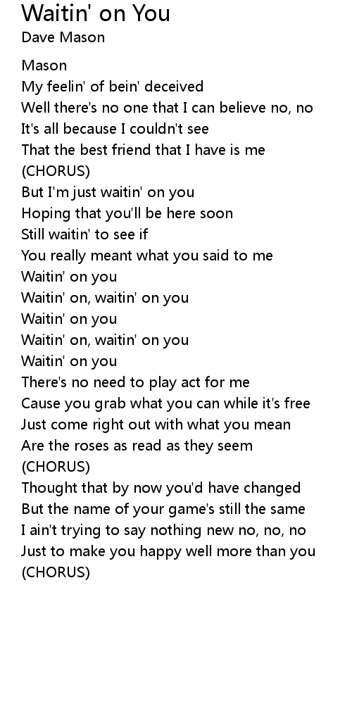 Waitin' on, waitin' on you |
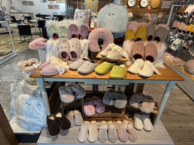 ぬいぐるみ、キーホルダー、トートバッグ、タオルハンカチ、メガネケース、アイピロー、ポーチなどさまざまなグッズが揃っています。
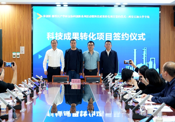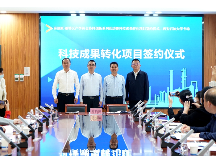 2022年4月25日,我校與雁塔區人民政府、西安市科學技術局聯合主辦的“秦創原·雁塔區產學研金協同創新系列活動暨科技成果轉化項目簽約儀式—西安石油大學專場”在雁塔區政務服務中心隆重舉行。張榮軍副校長出席活動,學校科技處負責人及科研教師代表參加活動。
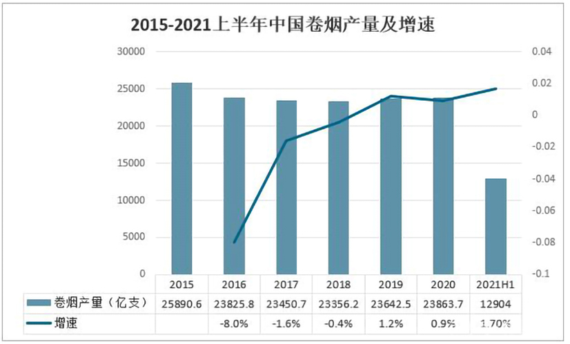 卷烟用卷烟纸将烟丝卷制成条状的烟制品,又称纸烟、香烟、烟卷。有滤嘴卷烟和无嘴卷烟,又有淡味和浓味之分。2021上半年中国卷烟产量为129.04亿支,同比增长1.7%。
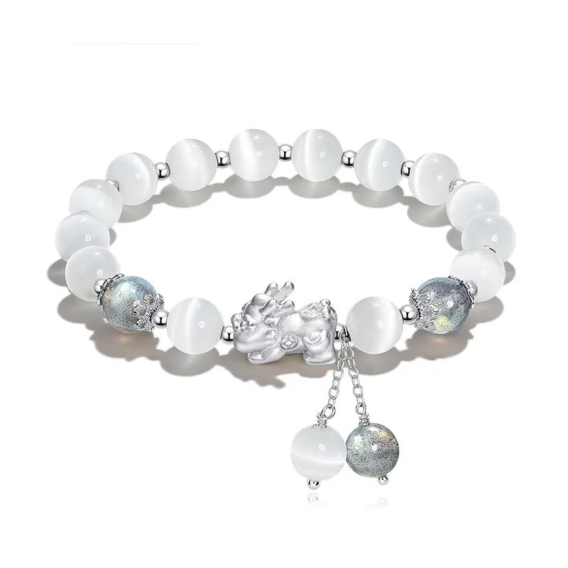 The Pixiu provides a minimum of six blessings as follows:Conducts good luck and fortune. Generate good Feng Shui or earth luck. Enhances wealth and riches. Protects individuals and building. Protects against evil forces. obstacles. and hardship. Brings unexpected windfall luck. One of the popular ways to retain a Pixiu is to wear it on a bracelet.
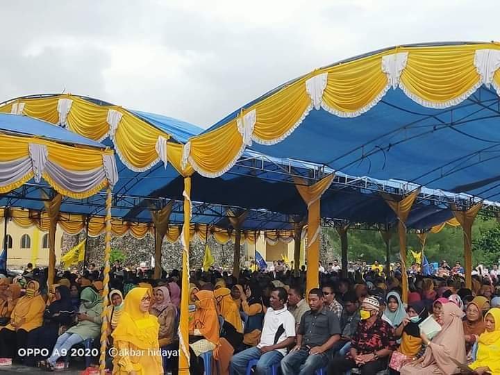 Amatan media ini, tampak kekompokkan ditunjukkan seluruh relawan Halo untuk Wangi-Wangi Selatan. Karena baru beberapa saat acara dimulai, hujan langsung turun mengguyur lokasi kegiatan. Namun relawan tidak bergeming dari tempat duduknya demi mendengarkan arahan Paslon.
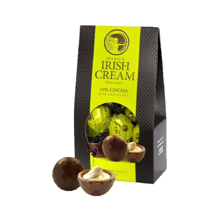 Praline de ciocolată cu Irish Cream. Este învelită într-un strat generos de ciocolată cu lapte, un rafinat desert de inspirație irlandeză.
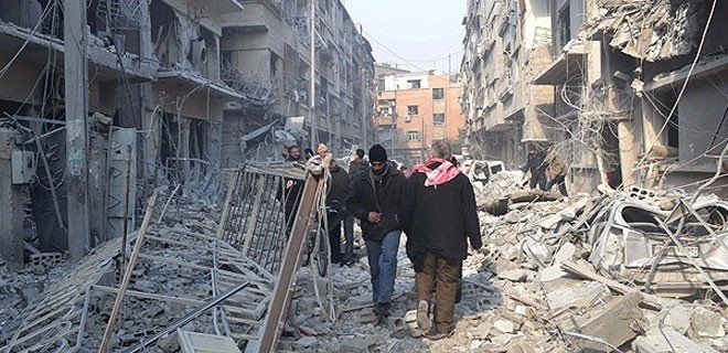 Suriye ordusuna ait savaş uçakları ile birlikte hava operasyonu düzenleyen Rus kuvvetleri başkent Şam'ın Doğu Guta Bölgesi'nde yer alan hamuriye İlçesi'ne saldırdı. Bölgedeki sivil savunma yetkililerinden gelen haberlere göre bilanço her geçen saat ağırlaşmaya devam ediyor.
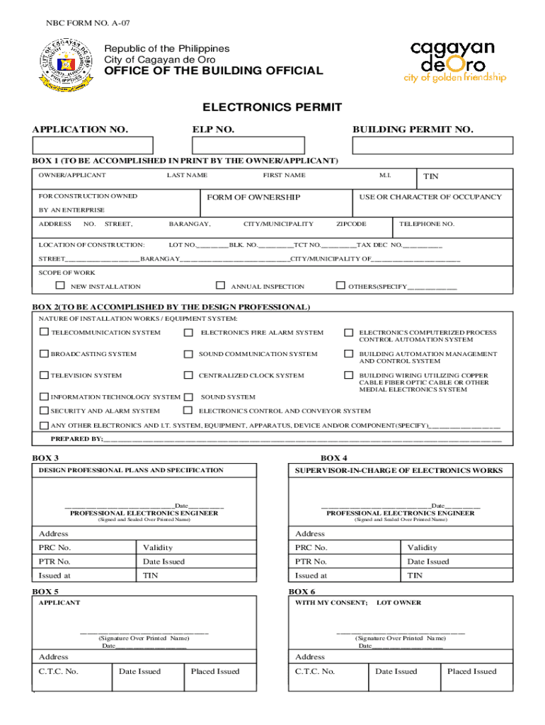 APPLICATION NO.ELP NO.BUILDING PERMIT NO.BOX 1 (TO BE ACCOMPLISHED IN PRINT BY
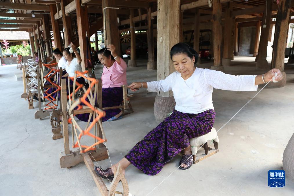 10月18日,在云南省景洪市勐罕鎮曼聽(tīng)村,村民向游客展示紡線(xiàn)技藝。
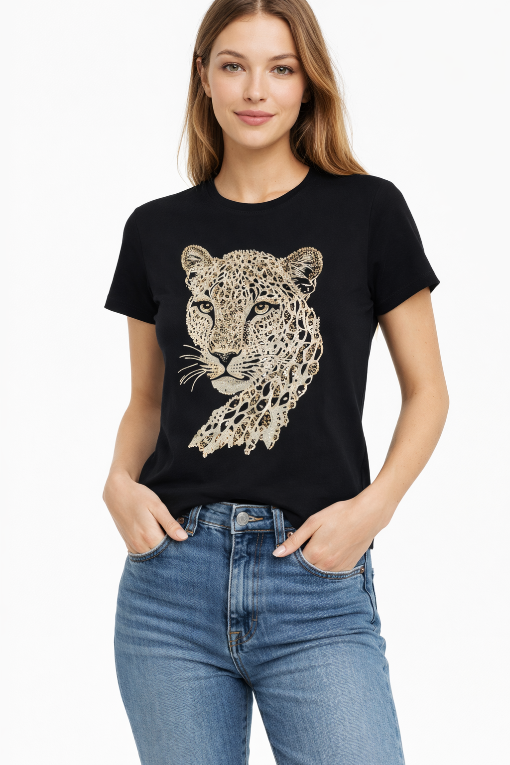 T-shirt à la coupe droite et confortable, confectionné dans un coton doux et fluide, idéal pour un porté quotidien. Imprimé léopard stylisé sur le devant, apportant caractère et élégance au modèle. Manches courtes et encolure ronde pour une silhouette simple et intemporelle, facile à associer. Une pièce forte et moderne, parfaite pour rehausser un look casual avec une touche sauvage et sophistiquée.
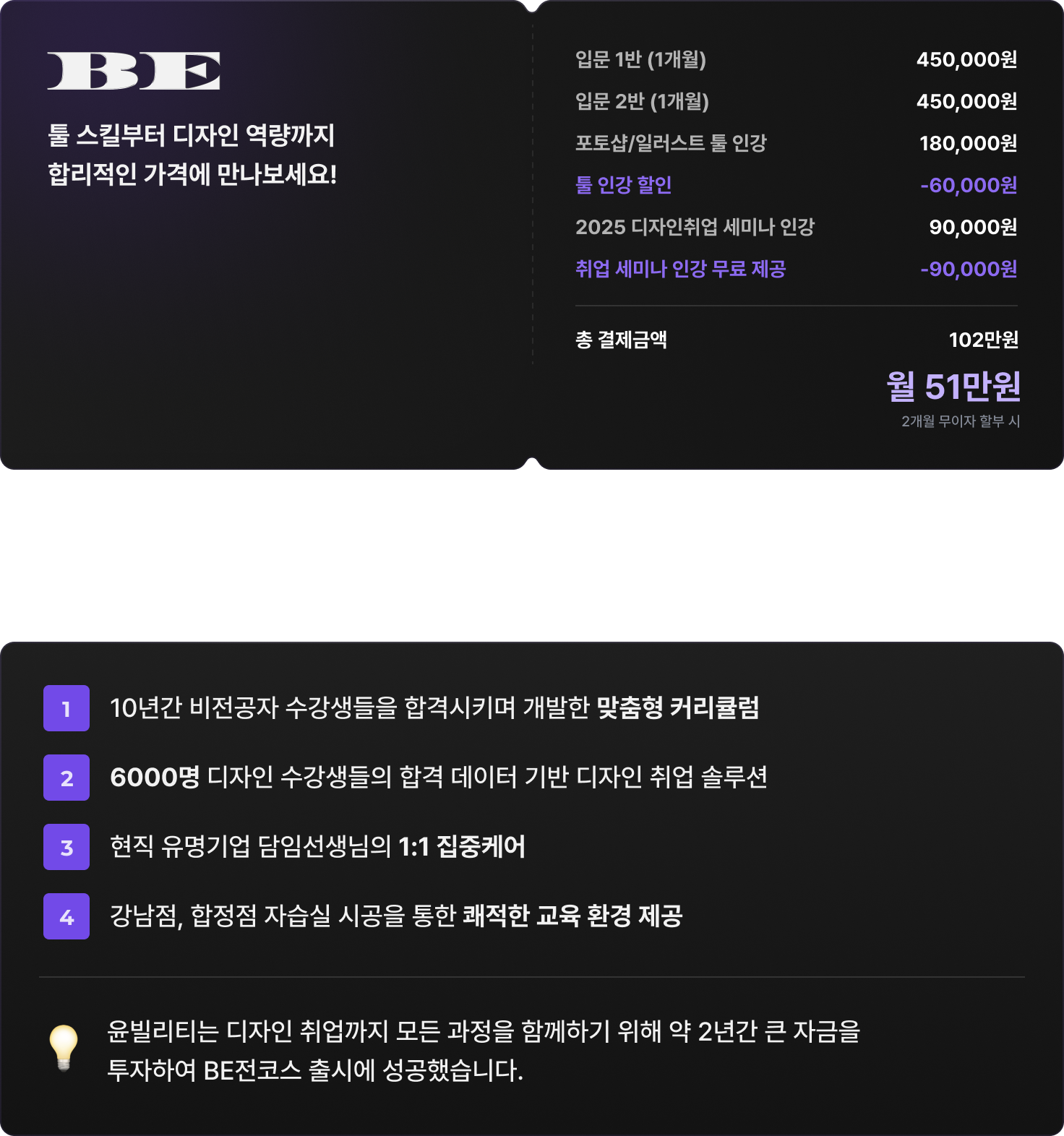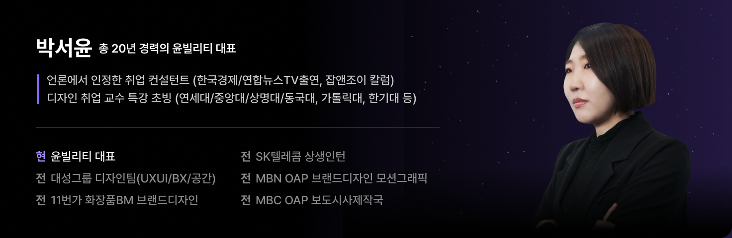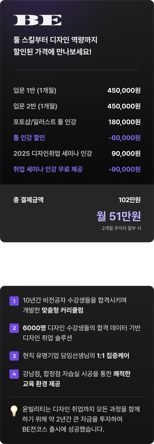 1년에 2번만 진행되는 프로모션 코스입니다. 합리적인 가격으로 고퀄리티의 포트폴리오 현장 강의와 온라인 툴 강의를 수강하실 수 있으며, 박서윤 대표님의 취업 세미나까지 인강으로 무료 수강하실 수 있습니다.

→ Action item
Pictures aside, return exactly the lines from the data above, starting at the line that has "ぬいぐるみ、キーホルダー、ト" and ending at the line that has "卷烟用卷烟纸将烟丝卷制成条状", both included.

→ Answer to this problem
 ぬいぐるみ、キーホルダー、トートバッグ、タオルハンカチ、メガネケース、アイピロー、ポーチなどさまざまなグッズが揃っています。
 2022年4月25日,我校與雁塔區人民政府、西安市科學技術局聯合主辦的“秦創原·雁塔區產學研金協同創新系列活動暨科技成果轉化項目簽約儀式—西安石油大學專場”在雁塔區政務服務中心隆重舉行。張榮軍副校長出席活動,學校科技處負責人及科研教師代表參加活動。
 卷烟用卷烟纸将烟丝卷制成条状的烟制品,又称纸烟、香烟、烟卷。有滤嘴卷烟和无嘴卷烟,又有淡味和浓味之分。2021上半年中国卷烟产量为129.04亿支,同比增长1.7%。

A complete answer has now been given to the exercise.